Interestingly, one of the aging-related GPCRs, TC009370/mthl, was found to be involved in both larval-pupal and pupal-adult ecdysis. The Methuselah-like receptors (mthl) play an important role in aging and reproduction. Mutation of mthl resulted from a P-element insertion in D. melanogaster extended the life span and enhanced the resistance to free radicals and starvation [25]. Flies homozygous for the mthl mutation showed pre-adult lethality. However, there is no phenotypic data for the Methuselah-like 5 receptor (mthl5) mutant fly. In this study, we found that out of three Methuselah-like receptors, only TC009370/mthl regulates larval-pupal and pupal-adult ecdysis. This is similar to the pre-adult lethality observed in D. melanogaster mthl mutants.

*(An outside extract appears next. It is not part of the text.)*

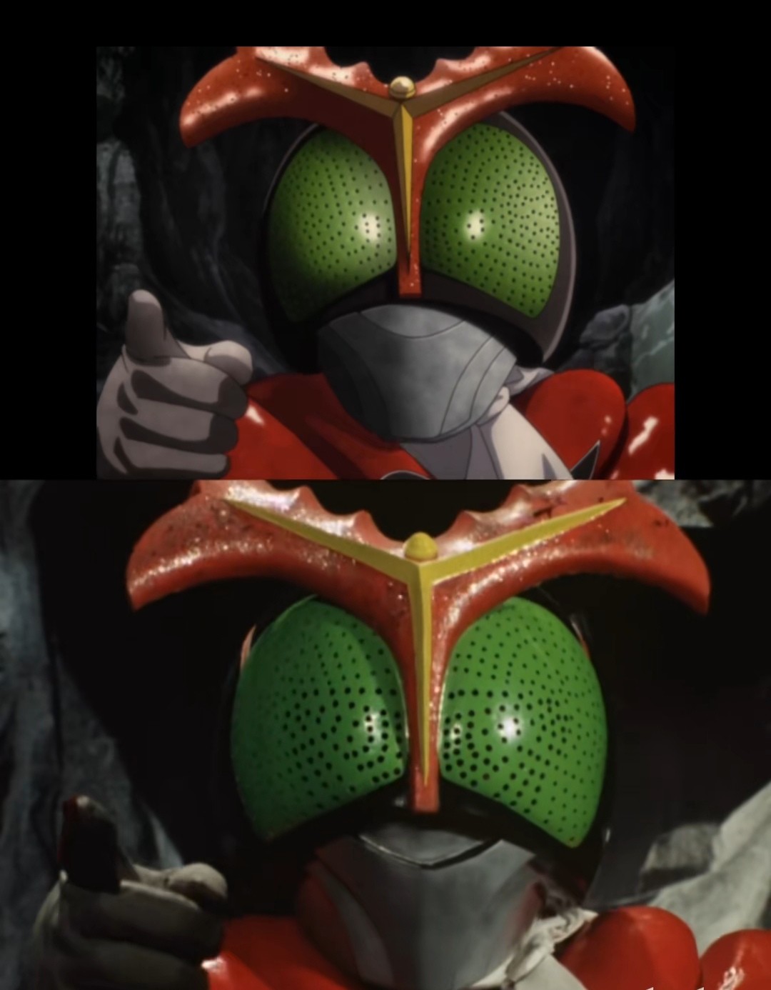 最后呢聊聊动画里的小细节,动画中的回忆部分中穿插着昭和《假面骑士》系列TV的一些片段,出现的片段基本上是1:1的用动画复刻了,效果还是非常不错的。

Here we hope to identify GPCRs that could be served as potential pesticide targets, which can be used in small molecule screen, or the development of RNAi-based pesticides. Among the identified GPCRs, many of them belong to classic GPCRs, e.g. biogenic amine receptors (TC007490/D2R and TC011960/5-HTR) and neuropeptide receptors (TC009127/glycoprotein hormone-like receptor). These GPCRs can be used as potential targets for novel pesticide development. On the other hand, it may not be possible to apply small molecule ligands for pest management through targeting identified atypical GPCRs (e.g. TC014055/fz and TC005545/smo), however, it is possible to develop a RNAi-based pest control strategy through ingestion of specific dsRNA targeting atypical GPCRs as well as classical GPCRs [29].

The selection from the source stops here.